Copy the opening lines of the listing exactly, through and including the line with "На основном экране"; do not copy any pictures.

START Materials provided

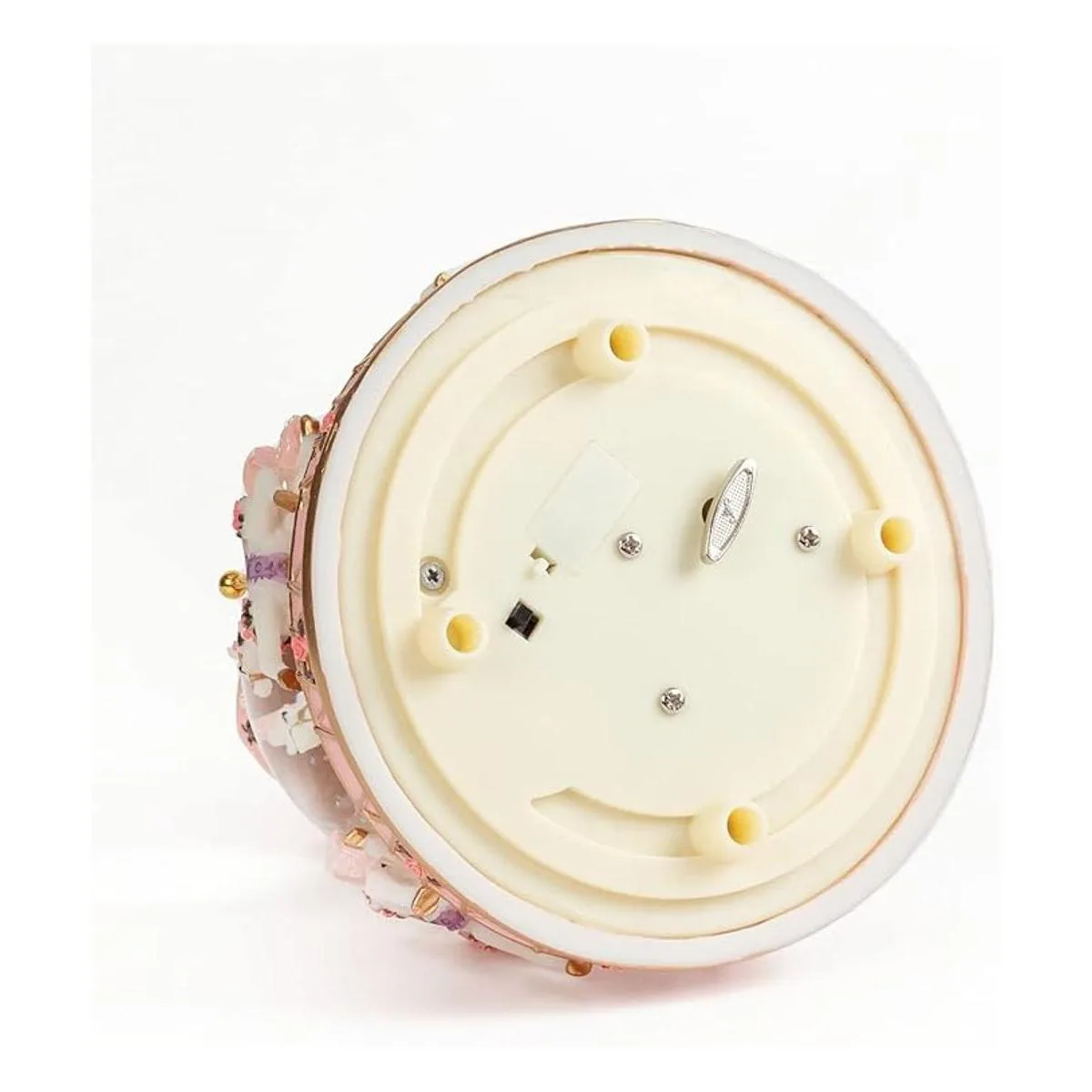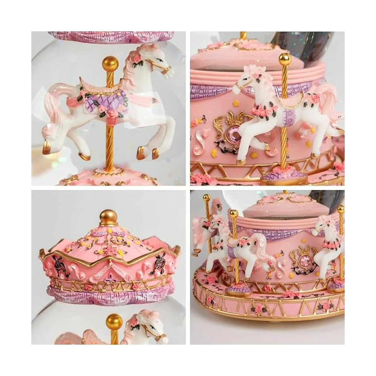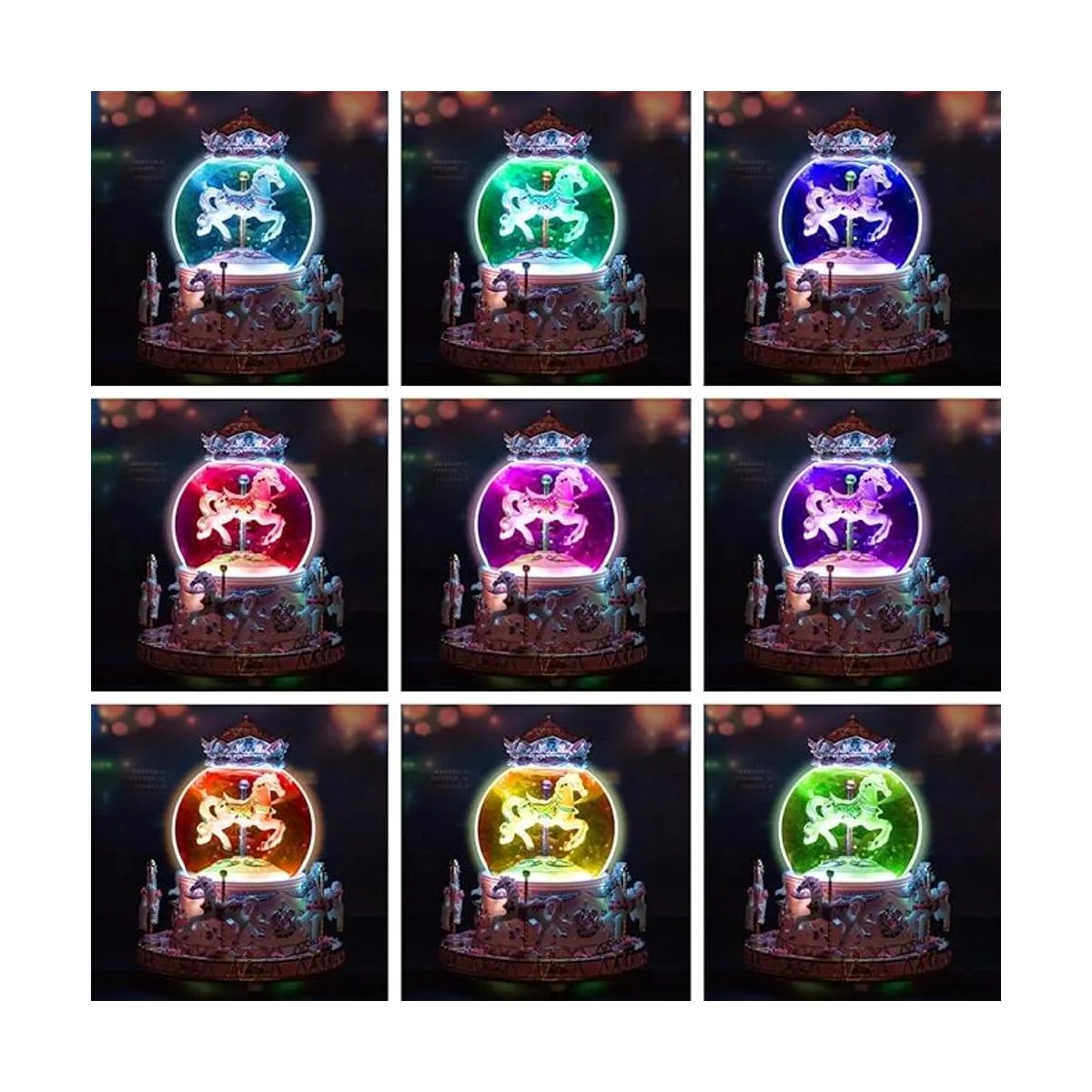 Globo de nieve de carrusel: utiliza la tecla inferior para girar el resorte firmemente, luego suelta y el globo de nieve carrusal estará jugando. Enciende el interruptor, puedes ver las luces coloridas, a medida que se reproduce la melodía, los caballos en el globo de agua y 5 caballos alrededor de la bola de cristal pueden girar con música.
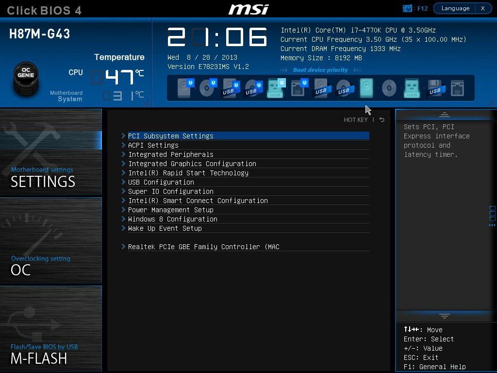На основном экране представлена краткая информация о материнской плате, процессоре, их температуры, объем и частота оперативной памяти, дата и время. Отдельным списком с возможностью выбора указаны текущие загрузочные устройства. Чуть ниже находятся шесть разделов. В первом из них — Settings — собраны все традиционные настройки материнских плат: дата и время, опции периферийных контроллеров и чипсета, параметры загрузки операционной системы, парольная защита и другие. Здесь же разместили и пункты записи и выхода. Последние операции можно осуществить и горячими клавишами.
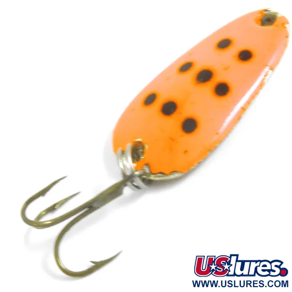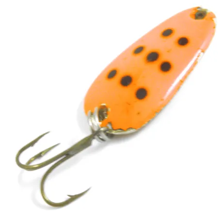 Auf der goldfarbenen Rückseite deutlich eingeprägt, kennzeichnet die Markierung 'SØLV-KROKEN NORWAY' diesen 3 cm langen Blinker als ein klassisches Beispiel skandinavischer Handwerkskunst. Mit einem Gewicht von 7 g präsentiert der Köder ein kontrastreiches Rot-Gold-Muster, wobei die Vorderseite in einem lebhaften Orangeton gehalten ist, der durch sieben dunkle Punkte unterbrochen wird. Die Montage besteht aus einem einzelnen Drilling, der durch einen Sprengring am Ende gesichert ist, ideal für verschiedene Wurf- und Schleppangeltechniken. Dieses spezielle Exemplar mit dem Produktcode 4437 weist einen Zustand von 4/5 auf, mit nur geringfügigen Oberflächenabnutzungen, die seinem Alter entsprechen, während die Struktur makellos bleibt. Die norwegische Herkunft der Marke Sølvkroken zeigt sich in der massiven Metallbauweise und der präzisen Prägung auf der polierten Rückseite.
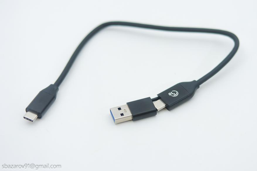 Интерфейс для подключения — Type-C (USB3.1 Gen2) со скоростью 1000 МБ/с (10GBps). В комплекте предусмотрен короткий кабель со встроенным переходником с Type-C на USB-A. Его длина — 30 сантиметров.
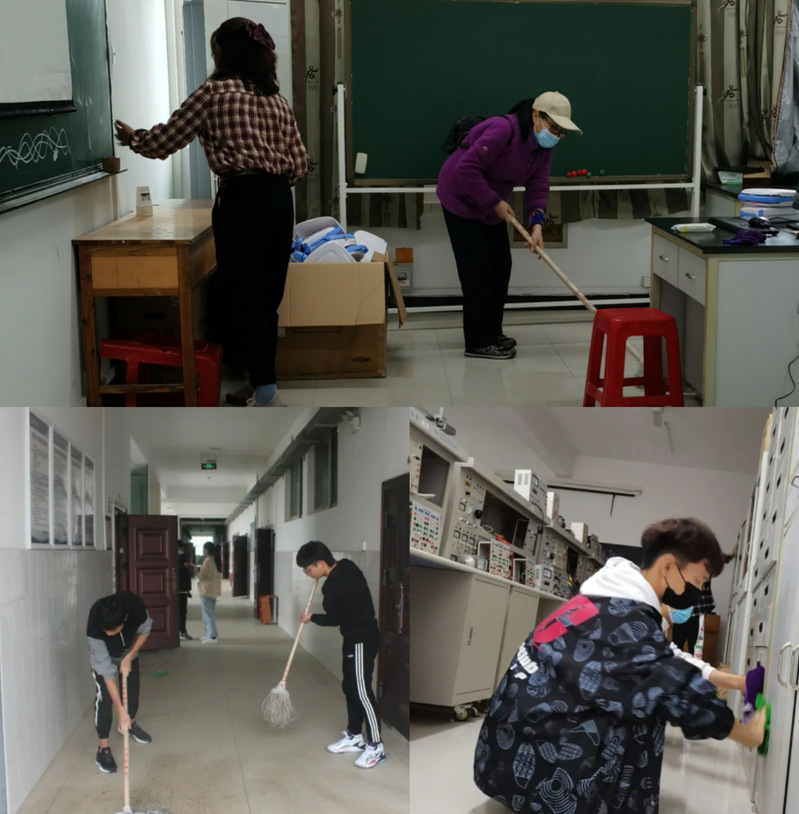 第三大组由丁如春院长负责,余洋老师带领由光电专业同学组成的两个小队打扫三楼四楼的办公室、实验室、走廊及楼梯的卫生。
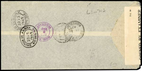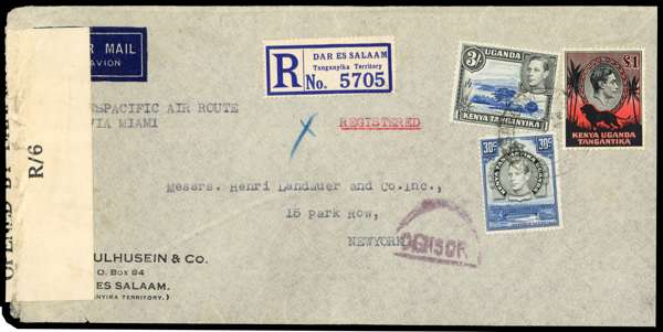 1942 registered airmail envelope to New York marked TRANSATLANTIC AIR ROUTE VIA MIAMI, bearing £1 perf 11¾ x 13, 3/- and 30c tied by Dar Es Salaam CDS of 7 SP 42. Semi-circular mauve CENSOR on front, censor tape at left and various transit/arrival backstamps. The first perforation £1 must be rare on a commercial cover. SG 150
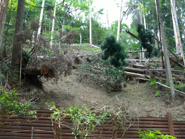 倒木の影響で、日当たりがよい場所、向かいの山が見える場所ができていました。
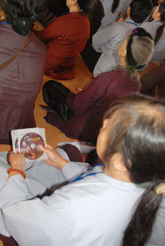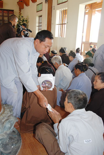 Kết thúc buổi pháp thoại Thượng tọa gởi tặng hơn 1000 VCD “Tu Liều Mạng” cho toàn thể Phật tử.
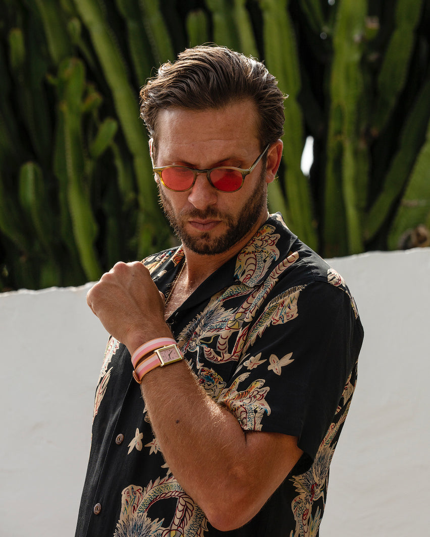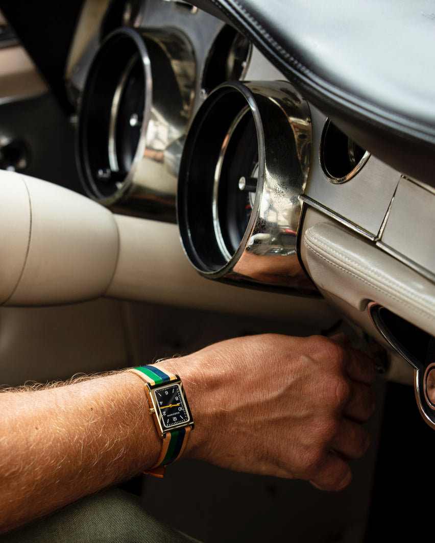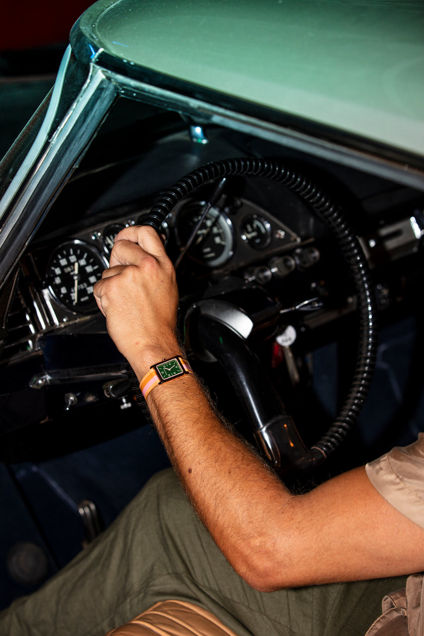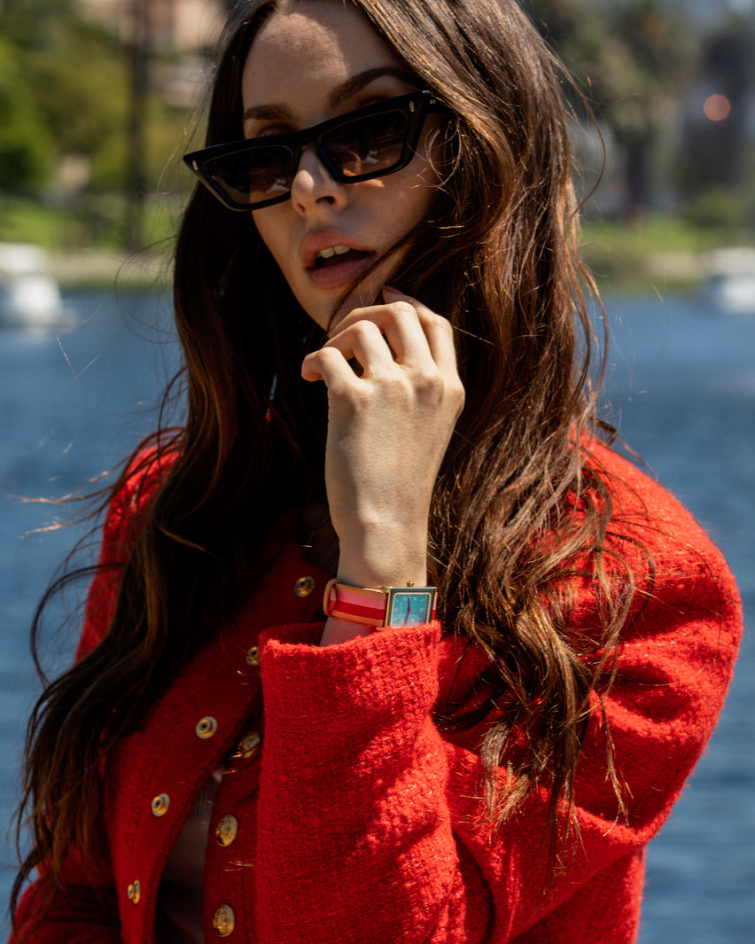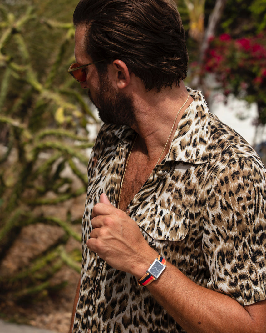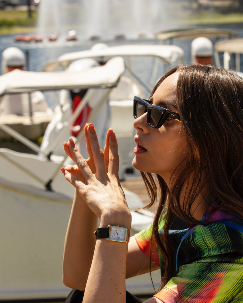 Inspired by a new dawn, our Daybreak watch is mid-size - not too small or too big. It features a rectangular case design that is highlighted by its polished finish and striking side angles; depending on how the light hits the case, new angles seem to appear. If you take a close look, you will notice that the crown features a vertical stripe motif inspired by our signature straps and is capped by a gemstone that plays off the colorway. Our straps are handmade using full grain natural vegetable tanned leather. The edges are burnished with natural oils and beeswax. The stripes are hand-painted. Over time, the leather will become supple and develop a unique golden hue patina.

END Materials provided

**Exercise result**
 Globo de nieve de carrusel: utiliza la tecla inferior para girar el resorte firmemente, luego suelta y el globo de nieve carrusal estará jugando. Enciende el interruptor, puedes ver las luces coloridas, a medida que se reproduce la melodía, los caballos en el globo de agua y 5 caballos alrededor de la bola de cristal pueden girar con música.
На основном экране представлена краткая информация о материнской плате, процессоре, их температуры, объем и частота оперативной памяти, дата и время. Отдельным списком с возможностью выбора указаны текущие загрузочные устройства. Чуть ниже находятся шесть разделов. В первом из них — Settings — собраны все традиционные настройки материнских плат: дата и время, опции периферийных контроллеров и чипсета, параметры загрузки операционной системы, парольная защита и другие. Здесь же разместили и пункты записи и выхода. Последние операции можно осуществить и горячими клавишами.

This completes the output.